The confining dimensions of the tributary drain did not seem to concern her, but nevertheless I explained that it would shortly take us to a much larger tunnel. Shoulders hunched and head lowered, I led her along the gradual downward slope, my mood especially felicitous because I was able to help her. It felt good to be needed, no matter how humble the service I provided.

The smaller pipe entered the main one at the level of the maintenance walkway, three feet above the floor of the bigger drain. With the flashlight, I showed her the drop-off, the sweep of floor below, the high curve of the ceiling.

For a moment we stood there, two dark shapes, finger-filtered flashlight aimed well away from us, so featureless that we might have been mere shadows separated from the people who cast us.

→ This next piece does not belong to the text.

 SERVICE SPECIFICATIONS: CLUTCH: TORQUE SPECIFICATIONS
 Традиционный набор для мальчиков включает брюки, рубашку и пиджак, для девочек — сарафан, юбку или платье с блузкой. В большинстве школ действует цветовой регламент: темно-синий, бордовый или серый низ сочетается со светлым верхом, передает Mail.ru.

Gwyneth took a deep breath and then said, “It doesn’t smell like I expected.”

“What did you expect?”

“Bad odors. All kinds.”

“Sometimes there are but not often. A big rain washes all the soot and filth down here, and for a while there seems to be as much stink as there is water. Even toward the end of the storm, when the city’s been rained clean, you wouldn’t want to bathe in the runoff, but it doesn’t smell much anymore. When it’s dry like now, there’s usually just the vague scent of lime or, in the older passages, the faint trace of the silicates in the clay used to make the bricks. If they don’t clean out the catch basins frequently enough or if something dead is rotting in one, that can be foul, but it’s not a major problem.” In my eagerness to share my subterranean world, I was close to babbling. I reined in my urge to be a docent of the drains, and said, “What now?”

“I need to go home.”

“Where is home?”

“Tonight I think maybe it should be on the upper east side, where there’s a view of the river. It’s beautiful how sometimes the morning sun scatters gold coins on the river.”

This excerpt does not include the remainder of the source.